Всех платоновских женщин -- Веру, Ксению, Гюльчатай, Ханум, Айдым (жену Назара и ее дочь от первого брака, его мать, его временную подругу, спасенную им девочку) -- играет Алла Сигалова: хореограф, танцовщица и лишь в третью очередь драматическая актриса. Как все помнят, шекспировский ткач Основа хотел сыграть все роли в трагедии о Пираме и Фисбе; Сигалова не уступает ему в увлеченности. Искусство танца дает ей дополнительные возможности: с особым блеском Сигалова играет своих бессловесных персонажей -- пустынный куст перекати-поле и хищную птицу, сразу похожую на стервятника и на темного лебедя. Роль тощего верблюда удалась ей меньше, но это уж издержки производства.

Всех персонажей мужского пола (кроме, естественно, Назара) играет третий участник спектакля, и в программке написано: «Народ джан -- Илья Барабанов». Это круто. Кто там из французских королей сказал: «Государство -- это я»? Пусть его мощи иссохнут от зависти к скромному российскому актеру, сыгравшему целый, пусть даже несчастный, народ.

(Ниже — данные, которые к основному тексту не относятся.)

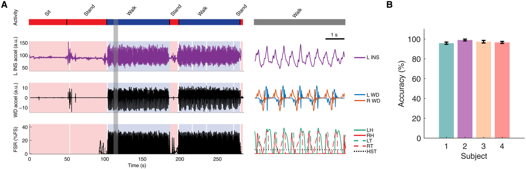 图 3. 可穿戴设备(WD)标记行走与非行走时段准确性的验证。(A) 在一次时长 300 秒、包含地面行走并穿插站立或静坐休息时段的实验过程中,展示了来自左侧 INS 和双侧可穿戴设备(WD)的加速度信号,这些信号与受试者足部力敏电阻器(FSR)的力信号对齐显示。顶部的颜色条指示了整个过程中受试者的行为(蓝色,行走;红色,非行走)。灰色方框标出的一个 5 秒连续行走时段已在右侧子面板中放大显示。(B) 展示了针对特定受试者的、基于可穿戴设备(WD)的运动状态标记的平均准确率(图 S2B)。误差线代表标准差。a.u.,任意单位;FS,力信号;HST,足跟触地阈值;LH,左脚跟;LT,左足趾;RH,右脚跟;RT,右足趾。
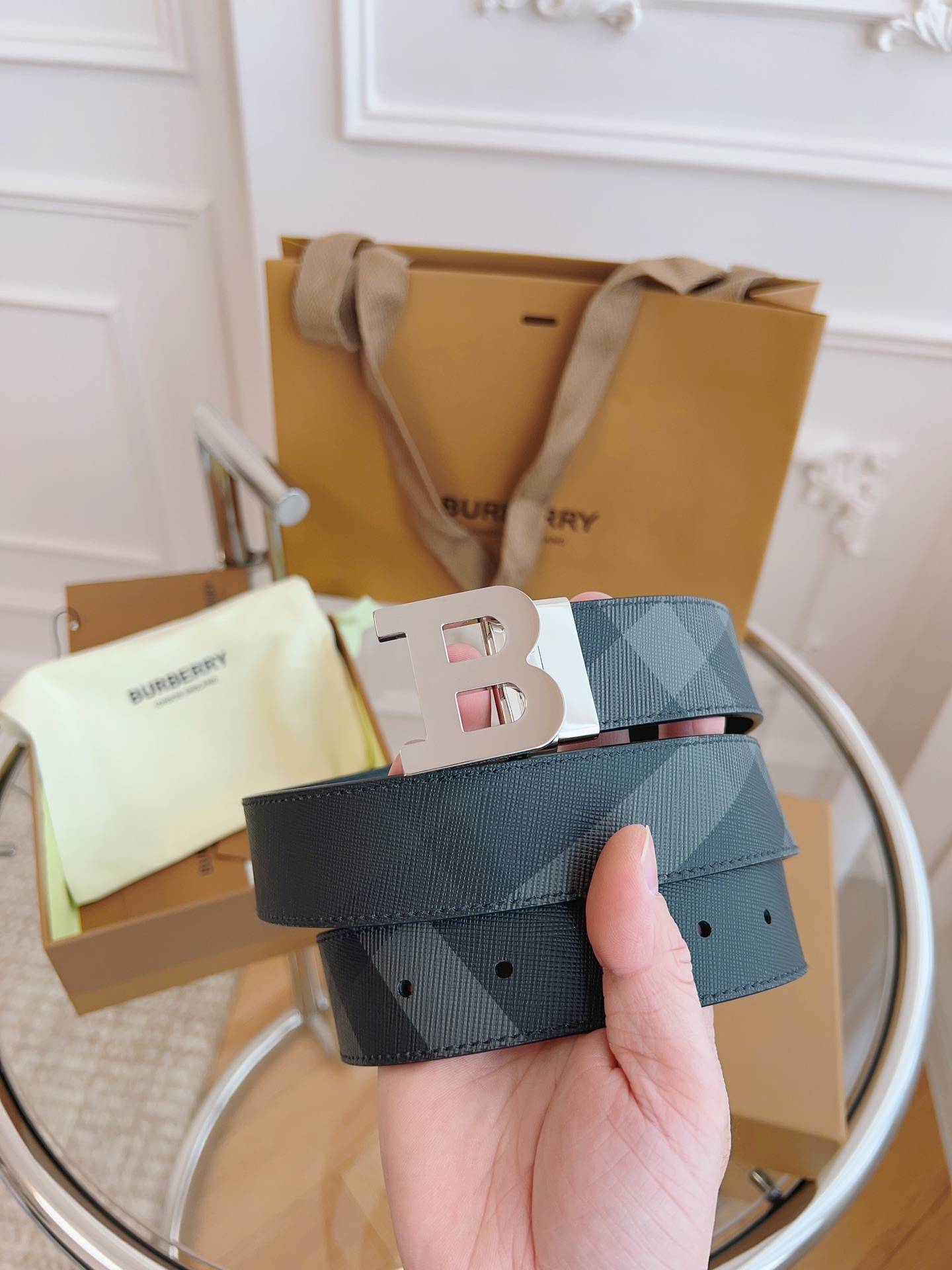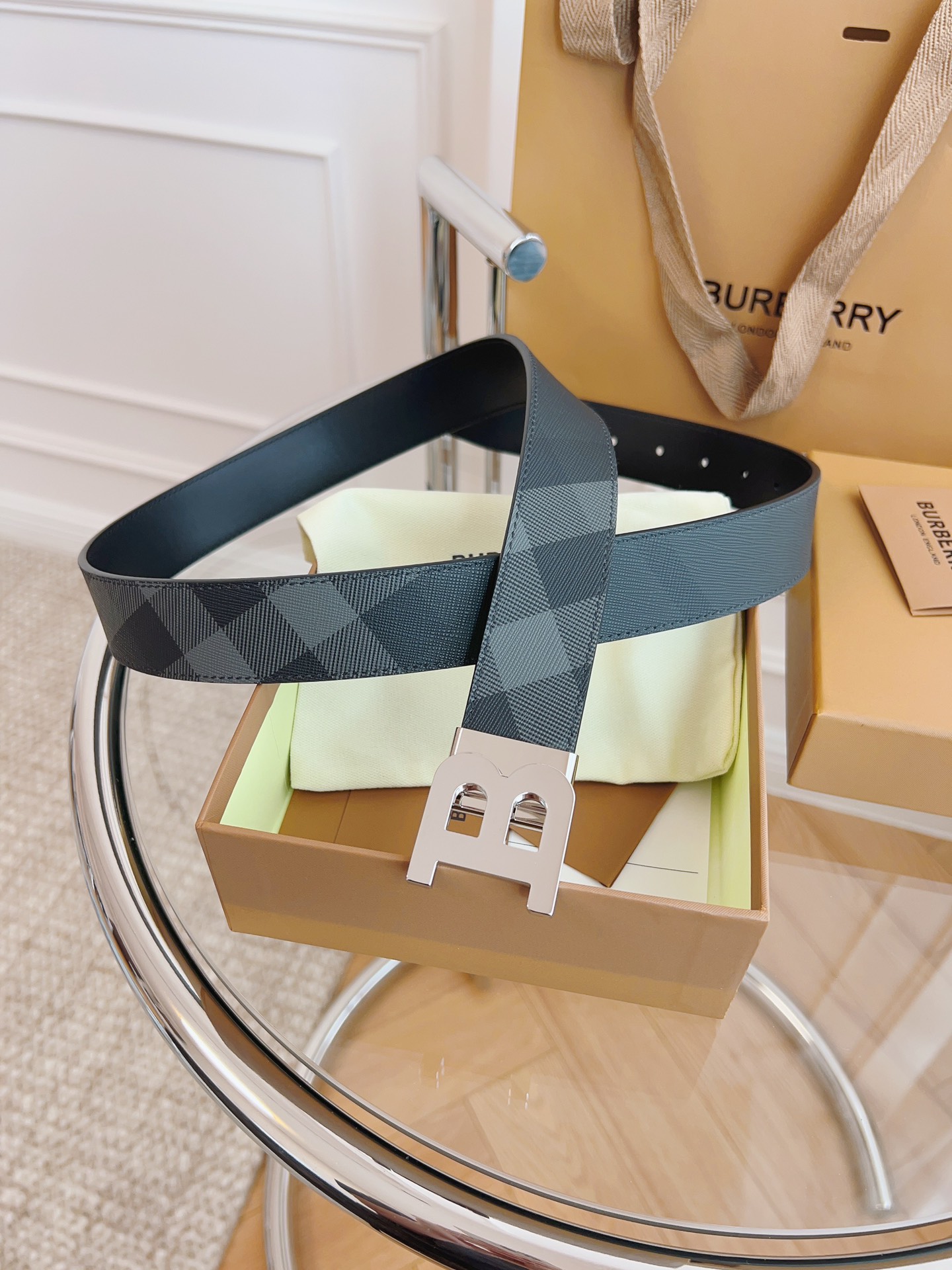 Burberry is made of top-grain leather from the original factory. The quality of the check/cowhide is beyond doubt. There is no better, only the best. The width of the belt is 3.5 cm

Я пишу так, будто уверен, что читатель хорошо помнит содержание платоновской повести. Я в этом далеко не уверен, но вкратце пересказывать «Джан» -- пустое дело. У Платонова развитие сюжета значит гораздо меньше, чем неистовство синтаксиса -- невероятного, яростного, говорящего о жизни нечто совершенно новое и по-новому. Слова у Платонова словно бы набрасываются друг на друга, мечутся и зачастую обгоняют авторскую мысль. Смысл лучших книг Платонова разительно отличается от его гражданских убеждений; предельно обобщая, можно сказать, что самого себя Платонов заставил поверить в светлое коммунистическое будущее, а свои книги заставить не смог.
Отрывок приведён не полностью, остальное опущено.